Mitigating Distributed Denial-of-Service Attacks: Application-defense and Network-defense Methods
Licentiate thesis, 2010
Distributed Denial of Service (DDoS) attacks can be so powerful that they
can easily deplete the computing resources or bandwidth of the potential targets.
Based on the types of the targets, DDoS attacks can be addressed in two levels:
application-level and network-level.
Taking the network-based applications into consideration, a weak point is
that they commonly open some known communication port(s), making themselves
targets for denial of service (DoS) attacks. Considering adversaries
that can eavesdrop and launch directed DoS attacks to the applications’ open
ports, solutions based on pseudo-random port-hopping have been suggested. As
port-hopping needs the communicating parties to hop in a synchronized manner,
these solutions suggest acknowledgment-based protocols between a clientserver
pair or assume the presence of synchronized clocks. Acknowledgments,
if lost, can cause a port to be open for longer time and thus be vulnerable to
DoS attacks; Time servers for synchronizing clocks can become targets to DoS
We propose solutions for multiple parties which have clocks with rate drifts,
which is common in networking. In particular, we propose an algorithm, BIGWHEEL,
for servers to communicate with multiple clients in a port-hopping
manner, without the server needing to keep state for each client individually,
which enables support to multi-party applications as well. We also present an
adaptive algorithm, HOPERAA, for hopping in the presence of clock-drifts,
as well as the analysis and evaluation of the methods. The solutions are simple,
based on each client interacting with the server independently of the other
clients, without the need of acknowledgments or time servers.
Mechanisms working in the application-level are not sufficient to deal with
DDoS attacks that aim to congest the victim’s network. Victims may need the help from network-based solutions to solve the problem. Among the networkbased
solutions against DDoS attacks, network-capability mechanism is a novel
approach. A capability is a ticket-like token, checkable by routers, that a server
can issue for legitimate traffic. Still, malicious hosts may swamp a server with
requests for capability establishment, essentially causing possible Denial-of-
Capability (DoC). In this thesis an algorithm to mitigate DoC attacks is proposed.

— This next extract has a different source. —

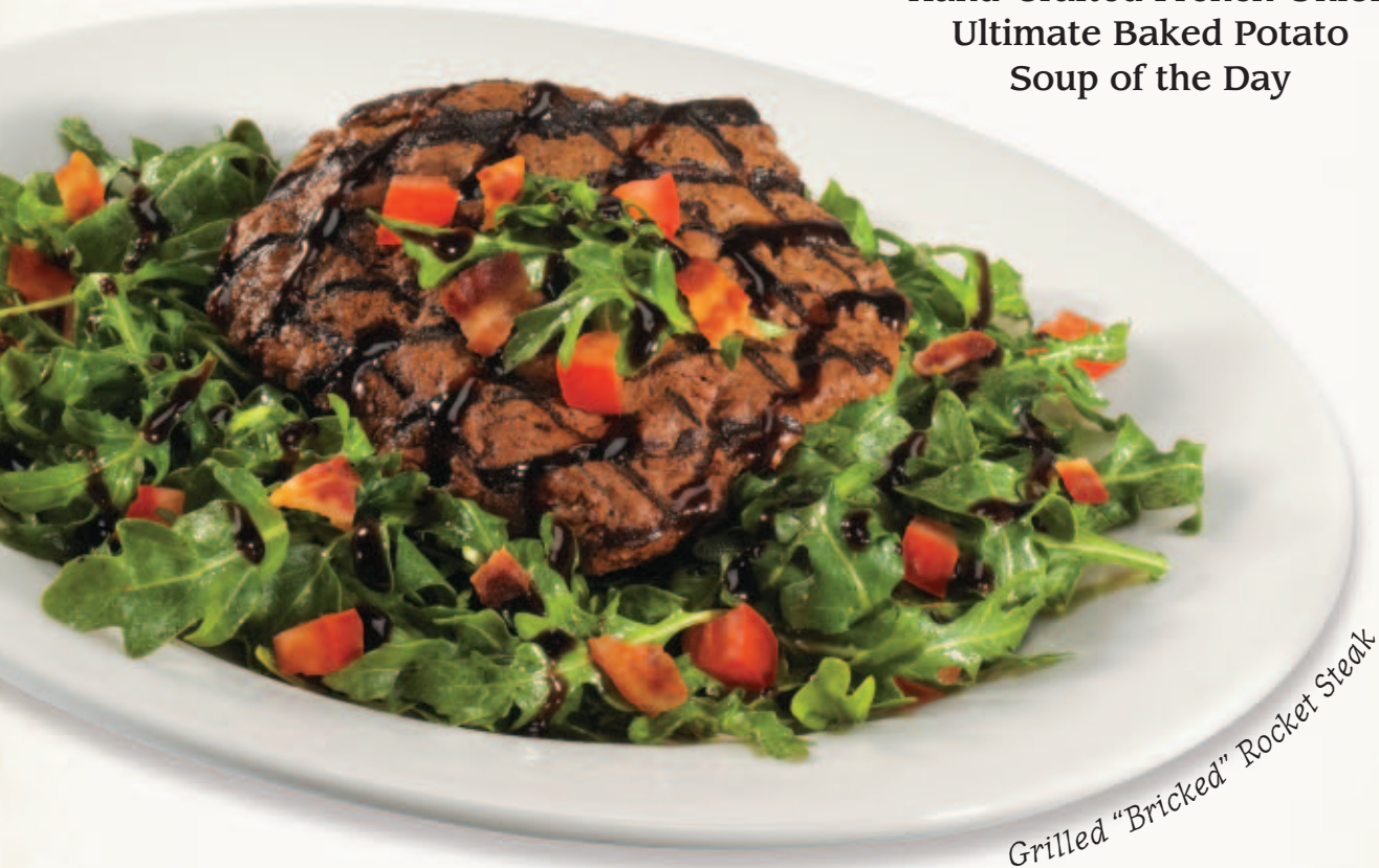
Grilled "Bricked" Rocket Steak

A "brick-flattened" fire-grilled 4oz. Choice sirloin steak on top of a Rocket arugula salad with tomatoes, garlic and crispy bacon pieces. Drizzled with a balsamic glaze.

With this algorithm, the legitimate hosts can get service with guaranteed
probability. The algorithm divides the server’s capacity for handling capability
requests into quotas. Quotas are allocated based on a sink tree architecture.

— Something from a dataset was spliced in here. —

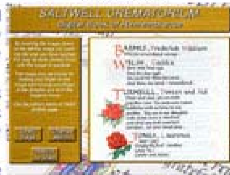
Final Zoomed Entry

Opposite are some samples of screen shots that you will see while using the kiosk.
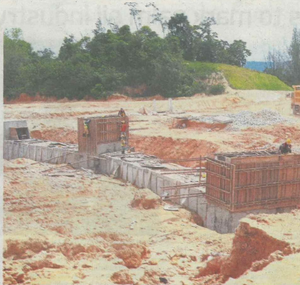
Workers building the base for the elevated EKVE highway.

Randomization and Bloom filters are used as tools against threats (attacking
scenarios). Issues on fault-tolerance and the deployment of the approach proposed
are also addressed.
Mitigating DDoS attacks are challenging not only for the targets of the attacks,
but also for the network, as large volume of illegitimate traffic share the
same network resources as legitimate traffic and can furthermore causes congestion
phenomena and performance degradation. Considering malicious traffic,
we would like ideally to disallow it completely from consuming network
resources. To achieve that, the malicious traffic should be controlled as close
to the source(s) as possible. It is observed that there is a trade-off between the
protection level of the network and the efficiency/overhead of the protecting
method. By building on earlier work and improving on distribution of control
aspects, a proactive method, which we call CluB, is proposed in this thesis to
mitigate DDoS attacks. The method balances the effectiveness-overhead tradeoff
by addressing the issue of granularity of control in the network. CluB can
collaborate with different routing policies in the network, including contemporary
datagram options. We estimate the effectiveness of the method and also
study a set of factors for tuning the granularity of control.